Митрополит вздохнул и тихо протянул с задушевностью в голосе:
— Любы* николи же ослабевает, — опять поднял глаза к птичкам и вдруг как бы им сказал:
— Не достоин он крещения… отослать его в прием, — и с этим он в то же самое мгновение повернулся и ушел в свои покои.
Апелляции на этот владычный суд не было, и все были довольны, как истинно «смиреннейший» первосвятитель стал вверху всех положений. «Недостойного» крещения хитреца привели в прием и забрили, а ребенка отдали его отцу. Их счастьем и радостью любоваться было некогда; забритый же наемщик, сколько мне помнится, после приема окрестился: он не захотел потерять хорошей крестной матери и тех тридцати рублей, которые тогда давались каждому новокрещенцу-еврею…
Значит, и с этой стороны потери не было, и я на этом мог бы и окончить свой рассказ, если бы к нему не принадлежал особый, весьма замечательный эпилог.
XIX
(Глава вместо эпилога)
С прекращением Крымской войны и возникновением гласности и новых течений в литературе немало молодых людей оставили службу и пустились искать занятий при частных делах, которых тогда вдруг развернулось довольно много. Этим движением был увлечен и я.

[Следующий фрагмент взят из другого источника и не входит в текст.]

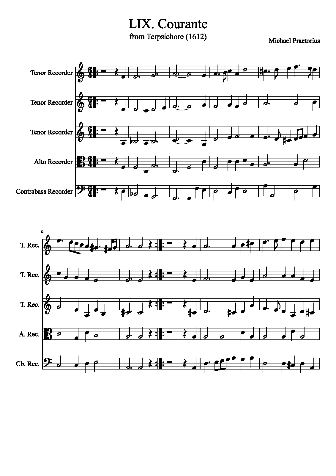 | Extra Information | These pieces were assembled and arranged by Praetorius for his 1612 collection. It is unknown how many, or if any, of the works in the collection were actually composed by Praetorius as opposed to being popular dance tunes arranged by him. The instrumentation is not specified in the original, and simply listed as "à 5". |
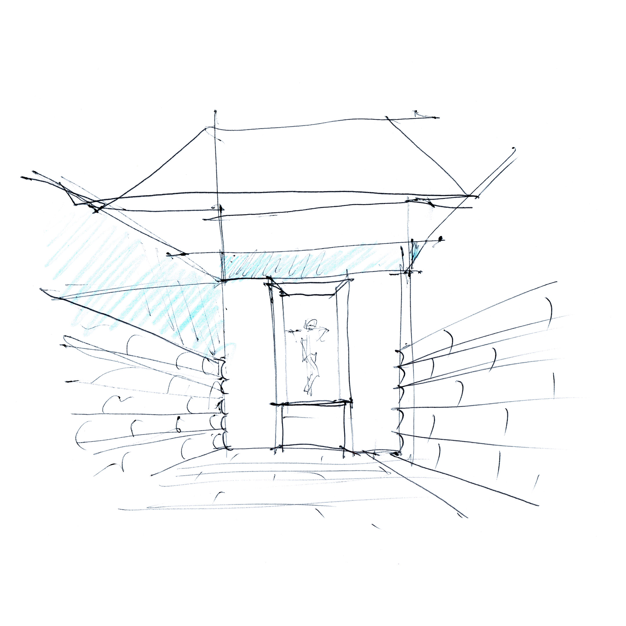 O desenho desta construção transforma o terreiro detrás do portão grande da Casa do Castelo num adro de apoio à capela, criando uma nova entrada formal para o conjunto, que serve e distribui três tipos de uso diferentes, para três destinos diferentes: hóspedes, visitantes-peregrinos e moradores.

Мне привелось примкнуть к операциям одного английского торгового дома, по делам которого я около трех лет был в беспрестанных разъездах.
Останавливаясь, как требовали дела, то в одном, то в другом месте, иногда довольно подолгу, я в свободное время много читал и покупал интересовавших меня старых и новых сочинений. Так, купив раз на ярмарке у ворот Троице-Сергиевой лавры сочинения Вольтера, я заинтересовался нападками этого писателя на библию. Что это в самом деле: как и на чем могло быть написано Моисеем Пятокнижие*, каким способом мог быть истолчен в порошок золотой телец, когда золото в порошок не толчется, и тому подобные вопросы смущали меня и заставляли искать на них удовлетворительного, резонного решения.